Tawadu’ adalah mematikan penglihatan mata hati dari melihat  dan menilik hal-hal lain kecuali ditumpuhkan sepenuhnya kepada menilik diri bathin semata-mata. Dengan ini alasan pikiran untuk membayangkan sesuatu yang lain akan gugur dan tidak timbul lagi serta lenyap langsung. Untuk mengetahui secara lebih jelas silahkan  bertanya kepada mereka yang hakiki dan makrifat lagi mursyid serta sampai pada martabat ini.

 

  1. 4.     Mendengar Bacaan Oleh Setiap Anggota

 

Serentak dengan lidah dalam sholat berawal dengan menghilangkan diri mulai takbir al-ihram sampai ke salam hendaklah dibaca didalam dada yaitu kita dapat merasakan keadaan diri kita itu dilambung kiri kita.

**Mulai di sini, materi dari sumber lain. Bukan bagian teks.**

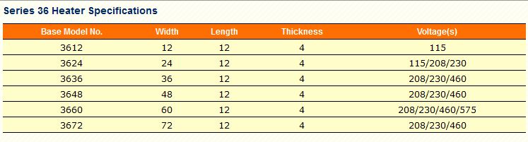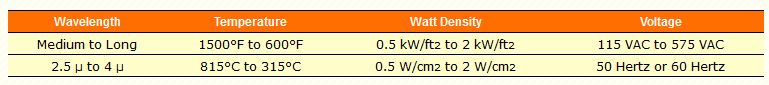 Glenro Radplane Series 36, 37, 38, and 39 ceramic face infrared panel heaters emit a consistent heat pattern from edge to edge. The infrared heat is uniform and closely controlled allowing the user to mount the ceramic face electric infrared heaters just inches from the product`s surface for efficient energy transfer. These heaters can be used in a variety of applications including, but not limited to preheating, drying, curing, and sintering. Ceramic face infrared heaters can be used in close-packed configurations for manufacturing processes that require uniform product heating over large heated areas; like preheating automotive carpet backing prior to molding. What distinguishes one series of heaters from another is its overall thickness or amount of insulation behind the heating element and its maximum operating watt density. Please follow the specification links below to learn more about our standard heater offerings.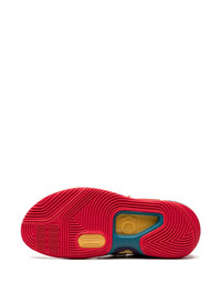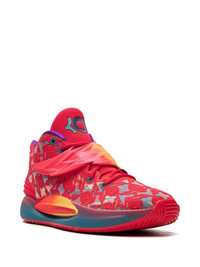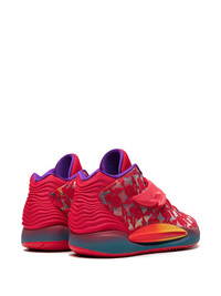KD 14 EP "Ron English 3" sneakers The American contemporary artist, Ron English, has dressed the new Nike KD 14. The sneaker features a colourful camo mesh exterior with red lace Bulbhead patterns throughout the uppers. Also, a large purple-eyed light bulb adorns the medial side and a fractal wing lace strap runs across the midfoot. Underneath, an Air Zoom unit is installed on the red and purple ombre midsole, and a light red outsole completes this special-edition sneaker. Highlights - Red - Mesh panelling - Round toe - Front lace-up fastening - Side touch-strap fastening - Branded insole - Rubber sole - Signature zoom air unit - These styles are supplied by a premium sneaker marketplace. stocking only the most sought-after footwear, they source and curate some of the most hard to find sneakers from around the world. Imported Composition Sole: Rubber 100% Lining: Fabric 100% Outer: Mesh 100%, Fabric 100%

Serentak dengan lidah menyebut satu-satu kalimah bacaan selama menunaikan sholat maka hendaklah dituruti sama oleh setiap anggota tujuh lapis jasad kita dan diri bathin kita, dan dengan itu juga maka wajiblah didengar oleh telinga bathin kita. Jangan sekali-kali menolehkan pendengaran telinga batin kita kepada setiap patah bacaan didalam sembahyang tersebut kearah yang lain.

 

  1. 5.     Merasai Nikmat Sembahyang

 

Jika kita mengamalkan petuah-petuah sholat dari para aulia ini, sebagaimana yang dijelaskan disini, maka kita akan menikmati kelezatan yang amat sangat, kalau bisa dikatakan di dunia ini selain daripada kenikmatan persetubuhan tiada lagi suatu nikmat yang lebih nikmat yang dirasakan oleh umat manusia, tetapi jika aku bandingkan dengan nikmat persetubuhan maka nikmat sholat ini adalah 100 kali lebih nikmat dari persetubuhan.

Bisa dibayangkan …..  Enaaak ….!! ….Enak ..!! Sebenarnya kelezatan ini tidak dapat dijelaskan dengan kata-kata. Tetapi hanya dapat dirasakan sendiri oleh mereka yang sampai kepada martabatnya.

Inilah suatu kelezatan yang pernah dialami oleh Wali-wali Allah, para Ariffinbillah dan makrifat lagi mursyid. Dari kebanyakan  mereka yang sampai ke makam martabat sholat ini secara sebenar-benarnya maka orang yang bersangkutan bila saja dia akan menunaikan sholat maka belum habis  lagi di dalam takbiratullihram, tubuh jasadnya itu telah gaib dan tidak dapat di lihat lagi oleh mata zahir manusia dan tidak dapat di rasai bila di sentuh oleh anggota zahir orang lain. Dengan lain perkataan orang yang sampai ke martabat ini bila saja takbir di dalam sholat, tentu gaib, dan akan kembali lagi setelah dia selesai salam dalam sholatnya.

Alangkah berbahagiannya jika kita dapat merasai sendiri kelezatan tersebut. Maka di sinilah timbulnya khusyuk dan Tawwadu’.

Dengan demikian tunaikanlah sholat yang benar sehingga kita mengalami sendiri nikmatnya.